TASK -
Here the job is to copy the data exactly and to exclude every image from it.

DATA BLOCK -

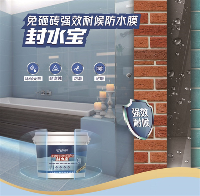 宅即麗封水寶免砸磚耐候防水膜,避免了傳統防水修繕需要從底到面撬開從頭再來的“大動干戈”的麻煩,且一體成型無遺漏,拉伸彈性強,強效耐候無懼紫外線,可以用于戶外陽臺、屋頂與外墻防水,施工簡便不妨礙業主正常居住等特點,大大彌補了防水修繕市場的空白。
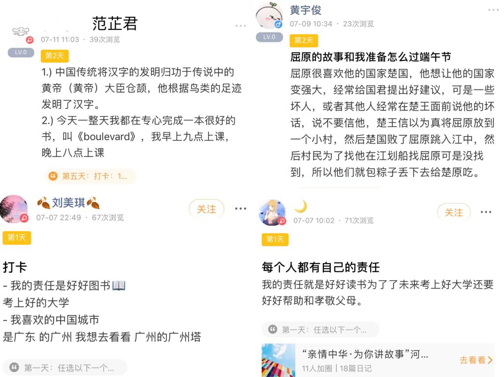 营员们通过夏令营能够看到国内青少年正在看的书,读的故事,同步获得中华文化知识的教育。他们从一开始的懵懂不解到逐渐深深地被中国文化的无穷魅力所吸引,坚持听故事、做任务、学绘画、做手工,并把在故事中学习到的道理学以致用,比如学到钟南山作为“国士”的责任时,同学们也纷纷表示要努力学习,未来承担起孝敬父母的责任,并立志做个像钟南山一样优秀的人。
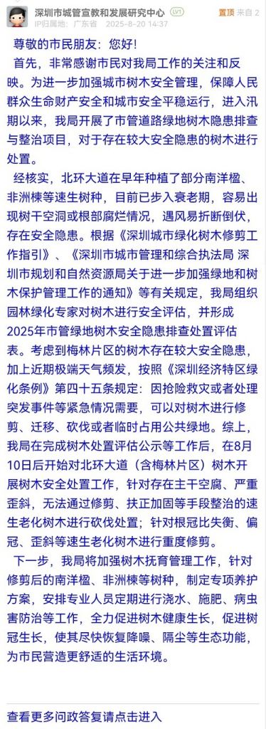 經(jīng)核實,北環(huán)大道在早年種植了部分南洋楹、非洲楝等速生樹種,目前已步入衰老期,容易出現(xiàn)樹干空洞或根部腐爛情況,遇風易折斷倒伏,存在安全隱患。根據(jù)《深圳城市綠化樹木修剪工作指引》、《深圳市城市管理和綜合執(zhí)法局 深圳市規(guī)劃和自然資源局關(guān)于進一步加強綠地和樹木保護管理工作的通知》等有關(guān)規(guī)定,我局組織園林綠化專家對樹木進行安全評估,并形成2025年市管綠地樹木安全隱患排查處置評估表??紤]到梅林片區(qū)的樹木存在較大安全隱患,加上近期極端天氣頻發(fā),按照《深圳經(jīng)濟特區(qū)綠化條例》第四十五條規(guī)定:因搶險救災或者處理突發(fā)事件等緊急情況需要,可以對樹木進行修剪、遷移、砍伐或者臨時占用公共綠地。綜上,我局在完成樹木處置評估公示等工作后,在8月10日后開始對北環(huán)大道(含梅林片區(qū))樹木開展樹木安全處置工作,針對存在主干空腐、嚴重歪斜,無法通過修剪、扶正加固等手段整治的速生老化樹木進行砍伐處置;針對根冠比失衡、偏冠、歪斜等速生老化樹木進行重度修剪。

TASK RESPONSE -
 宅即麗封水寶免砸磚耐候防水膜,避免了傳統防水修繕需要從底到面撬開從頭再來的“大動干戈”的麻煩,且一體成型無遺漏,拉伸彈性強,強效耐候無懼紫外線,可以用于戶外陽臺、屋頂與外墻防水,施工簡便不妨礙業主正常居住等特點,大大彌補了防水修繕市場的空白。
 营员们通过夏令营能够看到国内青少年正在看的书,读的故事,同步获得中华文化知识的教育。他们从一开始的懵懂不解到逐渐深深地被中国文化的无穷魅力所吸引,坚持听故事、做任务、学绘画、做手工,并把在故事中学习到的道理学以致用,比如学到钟南山作为“国士”的责任时,同学们也纷纷表示要努力学习,未来承担起孝敬父母的责任,并立志做个像钟南山一样优秀的人。
 經(jīng)核實,北環(huán)大道在早年種植了部分南洋楹、非洲楝等速生樹種,目前已步入衰老期,容易出現(xiàn)樹干空洞或根部腐爛情況,遇風易折斷倒伏,存在安全隱患。根據(jù)《深圳城市綠化樹木修剪工作指引》、《深圳市城市管理和綜合執(zhí)法局 深圳市規(guī)劃和自然資源局關(guān)于進一步加強綠地和樹木保護管理工作的通知》等有關(guān)規(guī)定,我局組織園林綠化專家對樹木進行安全評估,并形成2025年市管綠地樹木安全隱患排查處置評估表??紤]到梅林片區(qū)的樹木存在較大安全隱患,加上近期極端天氣頻發(fā),按照《深圳經(jīng)濟特區(qū)綠化條例》第四十五條規(guī)定:因搶險救災或者處理突發(fā)事件等緊急情況需要,可以對樹木進行修剪、遷移、砍伐或者臨時占用公共綠地。綜上,我局在完成樹木處置評估公示等工作后,在8月10日后開始對北環(huán)大道(含梅林片區(qū))樹木開展樹木安全處置工作,針對存在主干空腐、嚴重歪斜,無法通過修剪、扶正加固等手段整治的速生老化樹木進行砍伐處置;針對根冠比失衡、偏冠、歪斜等速生老化樹木進行重度修剪。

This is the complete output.